Greyscale and the Others's issue take place in fairly different environments, so even if they're related viruses, they're going to have different adaptations. Both those environments are fairly wet. Maybe fire and dragonglass are dangerous for the virus because they're *dry*?
They do both make the infected become aggressive and nearly immune to pain.
Greyscale is easily communicable, but it's also found in environments with lots of possible hosts, which might be why people who have it seem reckless -- the virus doesn't care about the health of the host's body as much as it cares about being spread. On the other hand, whatever the Others have is in an environment with very few hosts, so it might lead the host to act very protective over its body (not be reckless) and also might stick with the host after death, making the adjustments necessary.
If the Others' virus needs to stay in one host and make that host last as long as possible, maybe it is actually incubating within the host for as long as possible -- until the host's death. The host would be more equipped and likely to protect itself than a virus would be able to -- so maybe the virus lives off the host and uses the human being's own self-protection drive to maintain the host/keep the virus alive, and it's only when the host is no longer able to maintain those duties that the virus comes to the fore?
As for who could be incubating the virus -- apparently, it's spreading. And it is communicable between humans and animals, too?
If only Pasteur were around -- these people need a vaccine!
As for the Pale Mare...The aspect of being so thirsty you want to drink an ocean, but everything just leaking out of you anyway until you're empty and dead -- that does seem like it has some metaphorical connection with emotional need or ambition?

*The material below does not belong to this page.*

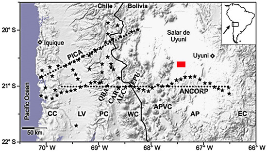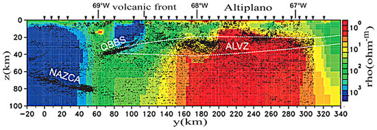 - Schilling, F.R.; Trumbull, R.B.; Brasse, H.; Haberland, C.; Asch, G.; Bruhn, D.; Mai, K.; Haak, V.; Giese, P.; Muoz, M.; et al. Chapter 22—Partial melting in the Central Andean crust: A review of geophysical, petrophysical, and petrologic evidence. In The Andes: Active Subduction Orogeny, Frontiers in Earth Sciences; Oncken, O., Chong, G., Franz, G., Giese, P., GÃutze, H.J., Ramos, V.A., Strecker, M.R., Wigger, P., Eds.; Springer: Berlin/Heidelberg, Germany, 2006; pp. 459–474. ISBN 978-3-540-48684-8. [Google Scholar]

When the master gets it, Tyrion immediately grabs Penny, they both go on about slavery being basically what makes the world go round, and flee to the sellswords. Is the Pale Mare what Penny seems to have, too? If it is, then when she shows symptoms, Tyrion slaps her, gives her all the worst news he can (Crunch is dead, etc), and scolds her into doing what he wants her to (stay with him and the sellswords/stop performing). I don't know, I'm still wondering how that connects to anything.
Also, when Tyrion pricks himself and signs his name as Lord of Casterly Rock, he brings up that it still hurts and tips his hat to the Half-Maester -- he brings up greyscale.
Then, I just read this passage, in CoK:
"He loved his brother's reckless wrath, but it was their lord father he must try and emulate.
Stone, I must be stone, I must be Casterly Rock, hard and unmovable. If I fail this test, I had as lief seek out the nearest grotesquerie (778)."
That seems to have a lot of resonance with the scene in DwD, but...who knows what it means about what "turning to stone" does to a person?
Is the Pale Mare about turning to water, and greyscale about turning to stone, and the Others' disease about turning to ice?
Edited by rue721, 10 August 2011 - 03:39 PM.